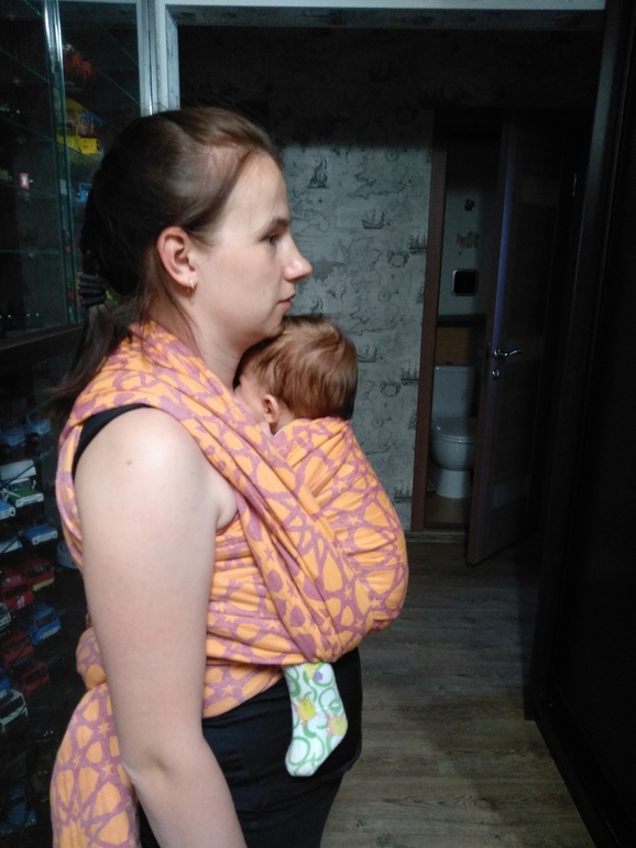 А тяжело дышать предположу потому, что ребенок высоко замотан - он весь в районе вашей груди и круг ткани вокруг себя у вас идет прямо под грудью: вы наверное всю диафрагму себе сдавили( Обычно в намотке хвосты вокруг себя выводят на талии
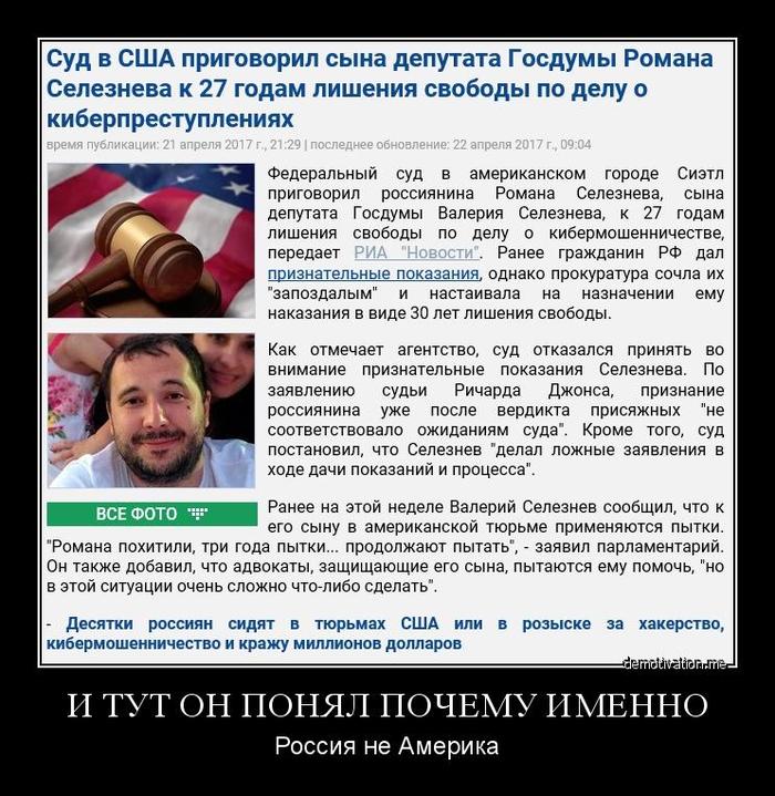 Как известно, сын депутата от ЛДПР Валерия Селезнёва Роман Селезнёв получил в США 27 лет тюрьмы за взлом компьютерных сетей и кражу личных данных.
::::
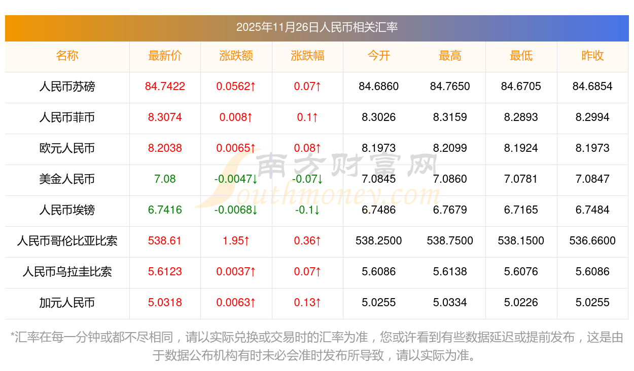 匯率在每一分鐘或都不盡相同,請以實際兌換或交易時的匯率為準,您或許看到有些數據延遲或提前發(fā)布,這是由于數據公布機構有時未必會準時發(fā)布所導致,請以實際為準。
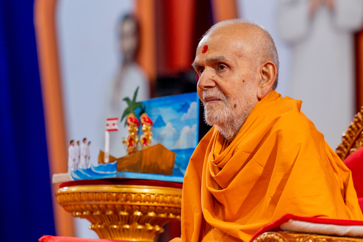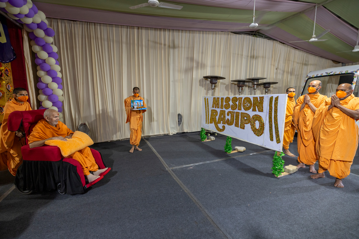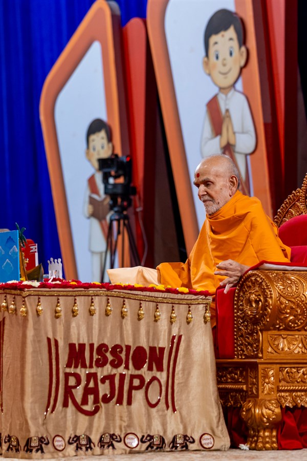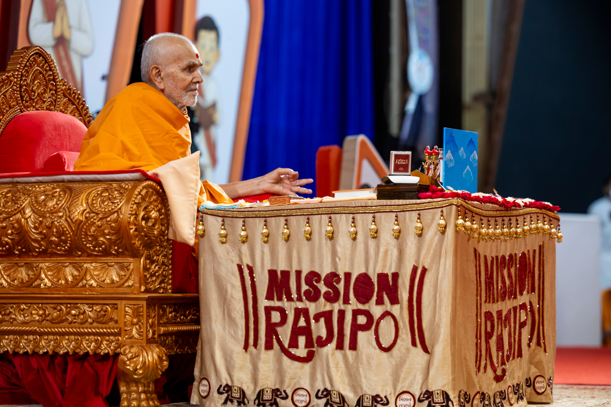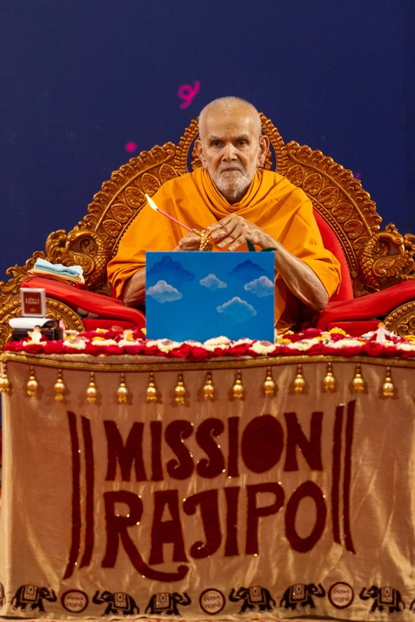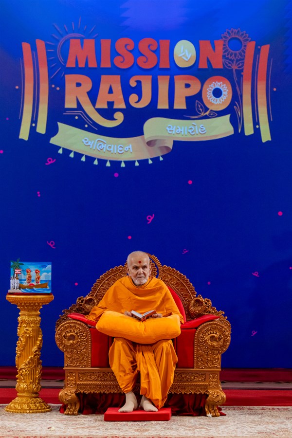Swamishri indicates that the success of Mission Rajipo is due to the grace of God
::::
**WHAT YOU NEED TO DO:** Go down the entries above from the line containing "匯率在每一分鐘或都不盡相同,請以實際兌換" to the line containing "Swamishri indicates that" and write out each line exactly, leaving pictures out.

**SOLUTION TO THE EXERCISE:**
 匯率在每一分鐘或都不盡相同,請以實際兌換或交易時的匯率為準,您或許看到有些數據延遲或提前發(fā)布,這是由于數據公布機構有時未必會準時發(fā)布所導致,請以實際為準。
Swamishri indicates that the success of Mission Rajipo is due to the grace of God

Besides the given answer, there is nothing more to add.